Hulu’s new Hellraiser movie ripped and tore its way onto the streaming platform this week, bringing Pinhead back to life with new delights of pain and pleasure alike.
The reboot-ish horror film arrives just in time for Halloween movie season and continues a storied tradition of Pinhead making people’s lives more filled with pain and pleasure. Jamie Clayton walked us through what it takes to become a Hellraiser and the intense makeup and prosthetic process to get into Pinhead mode.
But what about that shocking ending? We talked with director David Bruckner and Clayton about how it got made and what it means.
[Ed. note: This post contains spoilers for the end of Hellraiser 2022.]
In the final stretch of Hellraiser, protagonist Riley and her friends have made their way to the reclusive billionaire Voight’s compound, with the Cenobites close behind.
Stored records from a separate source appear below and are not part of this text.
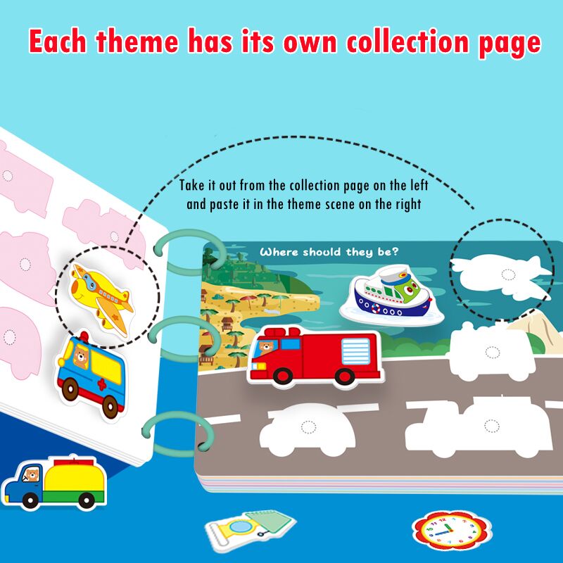 Il dispose d’un design simple, des stickers amovibles à velcros réutilisables offrant un divertissement sans fin. De plus, vous pouvez être tranquille en sachant que le livre est fabriqué avec du carton solide et épaissi, et sa surface est recouverte d’un film étanche à l’eau et à la poussière, le rendant résistant aux déchirures et aux dommages.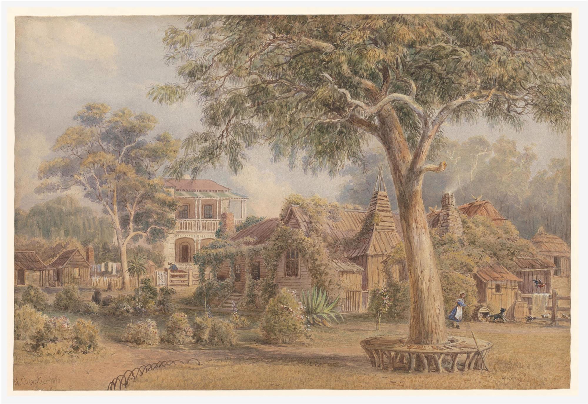 CHEVALIER, Nicholas (1828-1902) Preliminary Sketch for the Old and New Home Stations' Signed lower right. W/Clr & Gouache 24.5x37cmEstimate $700-1,200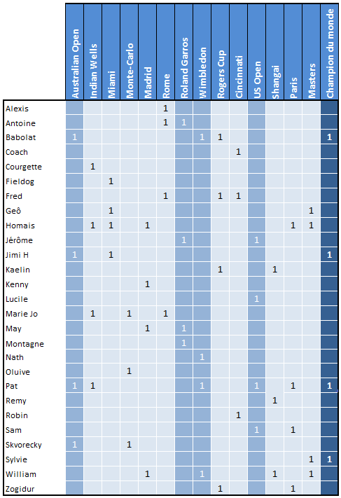 L’année 2017 est effectivement très alléchante Patricia, pleine d’incertitudes et de vainqueurs potentiels, sauf si Murray sur sa lancée prend l’ascendant sur Djoko. Mais je le vois mal ultradominer avec Fed, Del Potro dans les parages.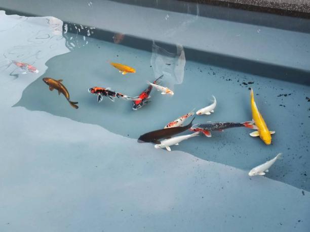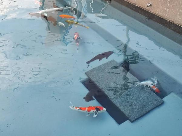 市庁舎の敷地にある池の移設工事にあわせて、鯉たちが新しい池にお引っ越ししました!赤や白、金色など、色とりどりの鯉たちが気持ちよさそうに泳いでいます。庁舎にお越しの際は、ぜひ足をとめてご覧ください。季節や時間帯によって、泳ぎ方や姿の見え方も変わり、見ているだけで心がなごみます。また、鯉のえさを市庁舎1階の総合窓口で無料でお渡ししています。お子さんからご年配の方まで、どうぞお気軽にお声かけください。皆さんに親しまれる池となるよう、大切に見守ってまいります。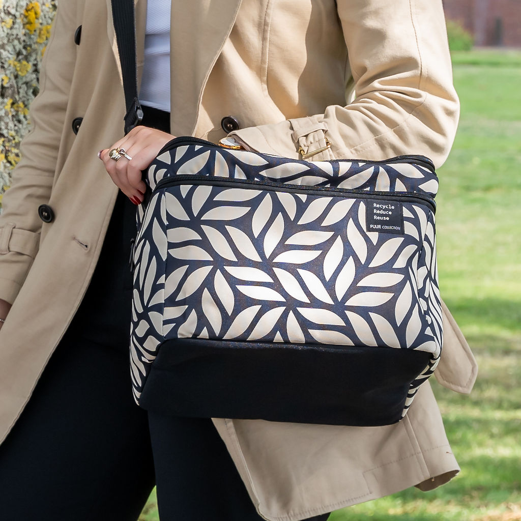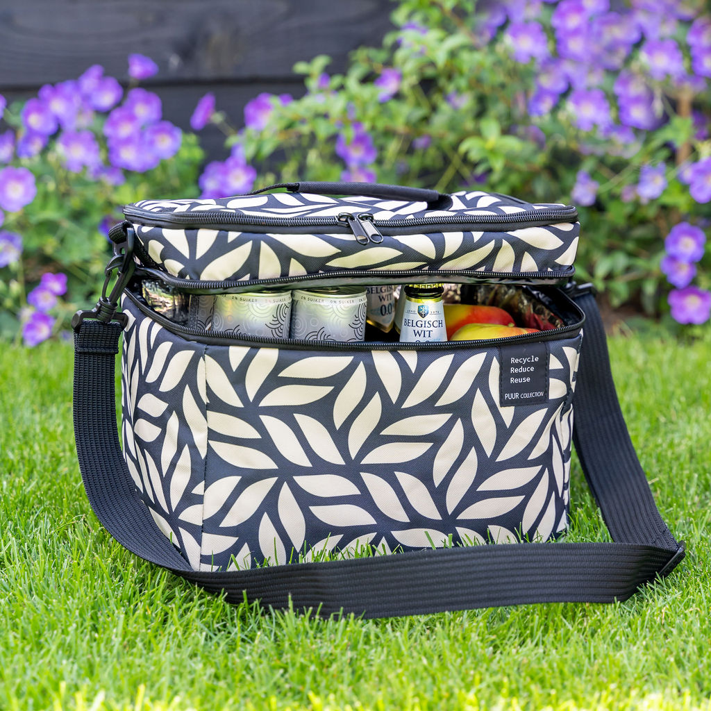 Ga stijlvol op pad met onze crème-zwarte koeltas met een mooie bladprint. Deze tas uit de PUUR-lijn is niet alleen hip, maar ook heel handig. De binnenkant is gevoerd met een zilverkleurig koelmateriaal, zodat je eten en drinken lekker koel blijft. De tas is gemaakt van gerecycled PET-plastic, dus je kiest ook voor een duurzame oplossing.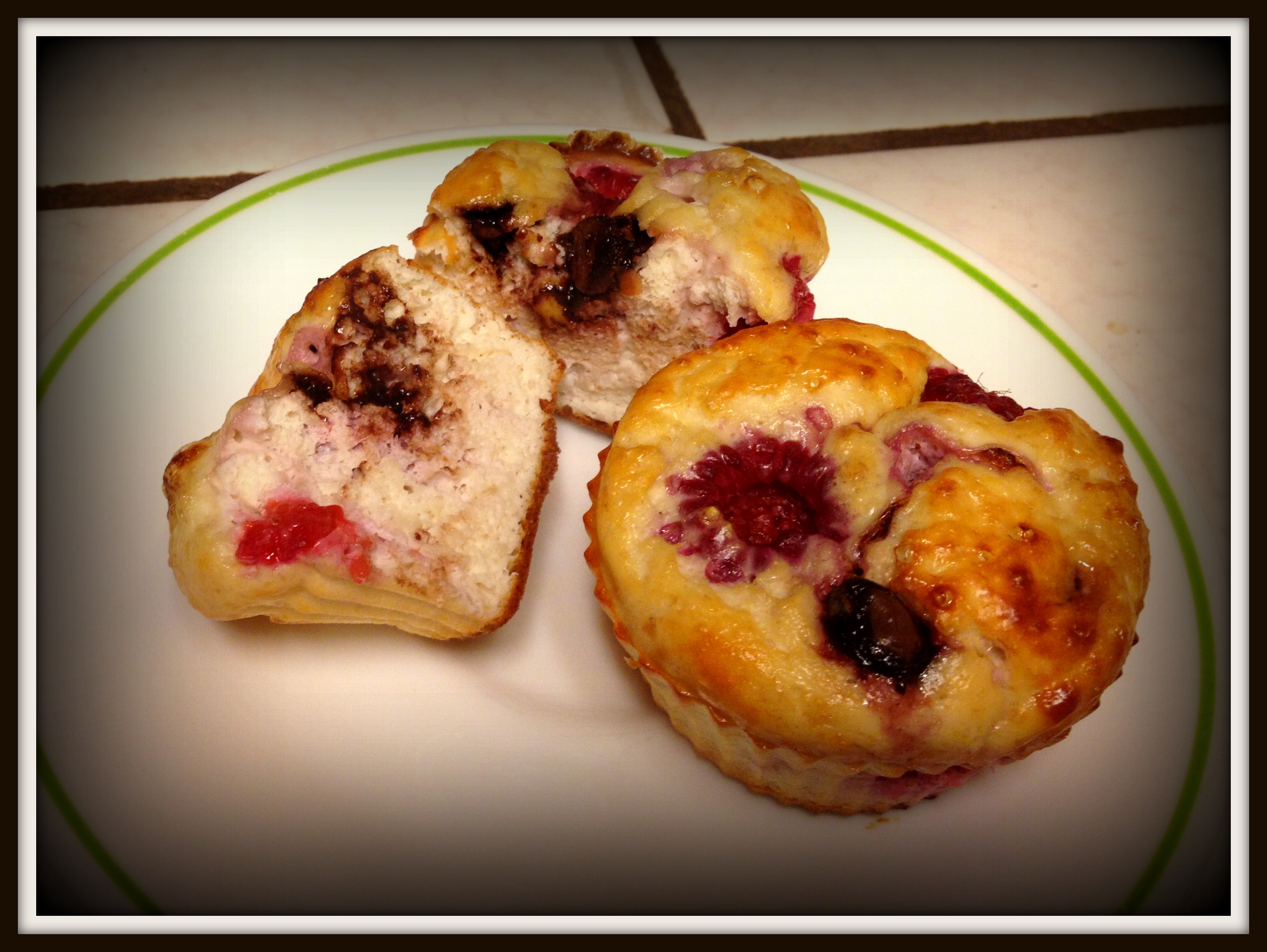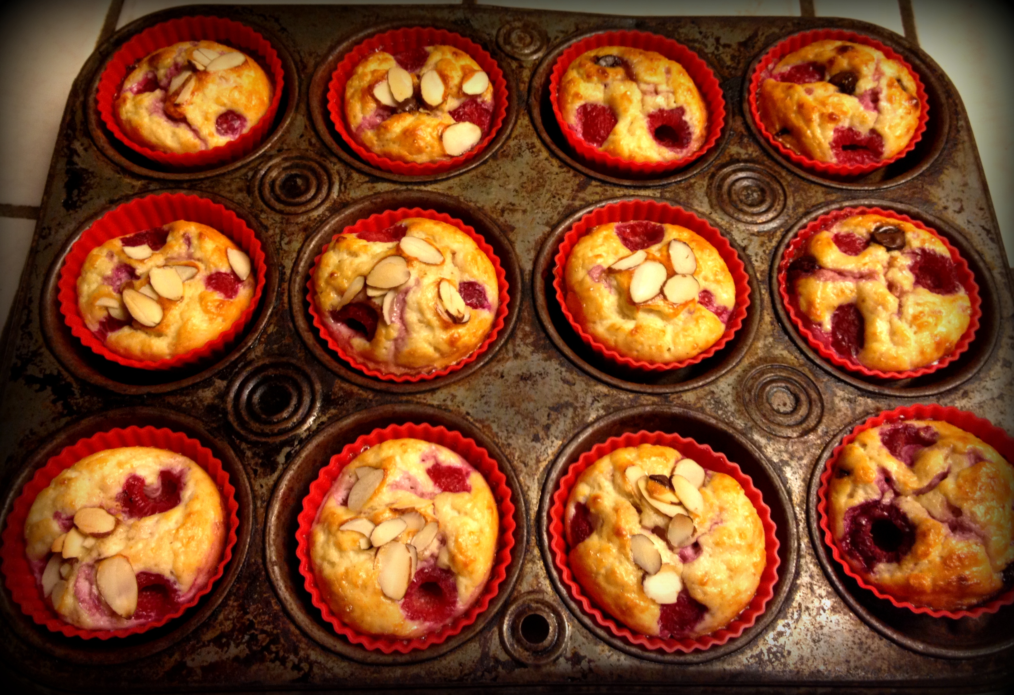 Combine all ingredients together except raspberries, chocolate chips, and sliced almonds. Mix thoroughly until batter is smooth. It should be fairly light in consistency, not too doughy. Pour batter into silicone muffin liners or very well sprayed foil muffin liners. Drop in raspberries (I chose 3 for each muffin) and add chocolate chips or almonds if you wish.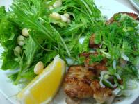 作り置きしてある塩麹をチキンに混ぜこみ、小麦粉をつけてこんがり焼いた。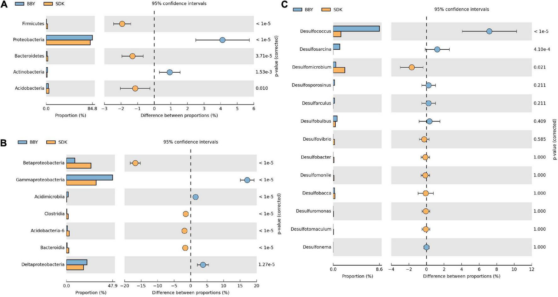 The difference in proportions of recorded bacterial OTUs classified by dominant (A) phyla, (B) classes, and (C) sulfur-reducing bacteria in sediment samples from representative estuarine mudflat (SDK) and the Chongming salt marsh (BBY) sites, collected in October 2015. Significant difference between proportions were analyzed using Welch’s t-test.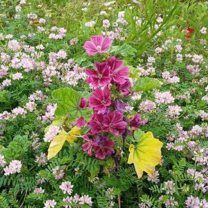 こんばんは🌃今日も一日お疲れ様でした✨ 去年は虫さんにたくさん食べられたマロウ🌸 今年は野草に守られて、スクスクと育っています😊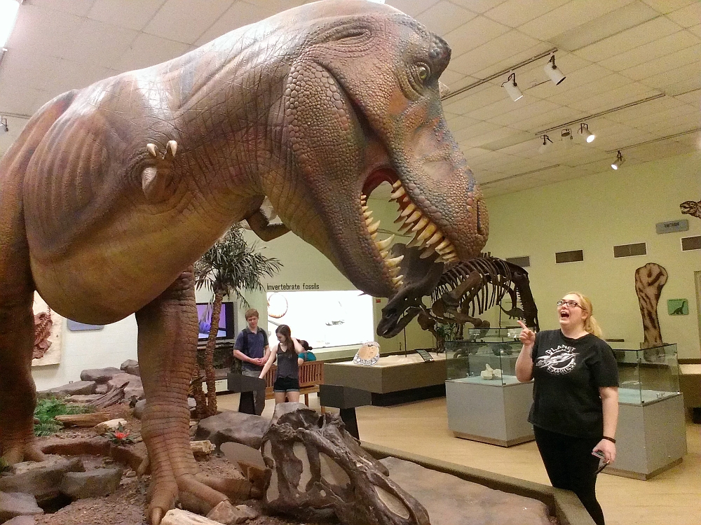 Kidlet came into town from New York City last week, and she's staying with me this weekend. She wanted to see the Greensboro Natural Science Center, as she hadn't been there since she was a wee youngster and it was a single building with just a few displays — and except for hunting geocaches on or around its premises, I've never been. It's now an extensive, multi-million-dollar complex, with lots of live animal displays, dinosaurs, rocks & minerals, aquariums, and a treetop rope course (which Allison did not care to do, but I'm quite sure I want to give it a go).

They’ve set up shop and blocked out Pinhead and her pals, until it’s revealed that (1) Voight is still alive (although he has a giant nerve-rending machine sticking out of his torso, my favorite part of the movie) and (2) Riley’s boyfriend has been working for Voight the entire time.
There’s a whole sequence that plays out between Voight, the Cenobites, and Riley’s friends, but that’s not what we’re here to talk about. We’re here to talk about what happens next — Voight gets his “reward,” which is a gnarly display of skin-flaying in a stark-white room, transforming him into a Cenobite himself. It’s one of the most memorable and jarring sequences in the movie.
According to Bruckner, a number of practical elements were used to construct the sequence. The Hellraiser team created a skin suit and built a “real torture table,” using monofilament fishing line to pull apart the skin on the suit.
“No CGI gore,” Bruckner claims. “We were adamant about that.”
New Pinhead Jamie Clayton recalled Bruckner bringing that up early on.
“He told me he wanted do a lot of the effects practically,” Clayton says. “And I was like, [uncontrollable laughter] They did it!”
Bruckner says advances in technology have made such techniques more doable, using light touches of VFX to augment the prosthetics work and other practical effects.
“It felt like there were new opportunities down that path,” Bruckner says. “Part of the spirit of the franchise is to show them something that they haven’t necessarily seen before. And so it felt in keeping with that spirit more to allow ourselves to kind of invent and imagine.
“Cenobites are generally nude, they don’t need to wear clothes, they’re kind of beyond all these earthly concerns in some way, and are just lost in their pursuit for experience. The flesh is sort of tailored and folded to almost look like clothing. We would say they are their own leather in some ways. And so you just require a little bit of augmentation to help bring it to life, but it’s all practical as well. It’s all actual light falling on prosthetics. And we’re just touching it up in small ways.”
But why end Hellraiser in that way? It’s simple, Bruckner says — it’s in the spirit of transformation and change inherent to the series (and the Cenobites).
“To have that be [Voight’s] destination plays to the irony of the gifts, the joys of Hellraiser,” Bruckner says. “The Cenobites are inviting you to a party you might not want to be a part of. [It’s] the irony of ‘you’re gonna love this’ and you’re thinking, I don’t know if I’m going to love this! It just felt [like] exactly the right place to leave it.”
It was quite the experience to witness on set, as Clayton can attest.
“The days that all seven of the Cenobites were working, everyone’s covered in blood or losing an arm, or getting their skin [flayed],” she says. “Those days were massive. And they did all of that. All of that was happening in front of us.”
Hellraiser is available to stream on Hulu.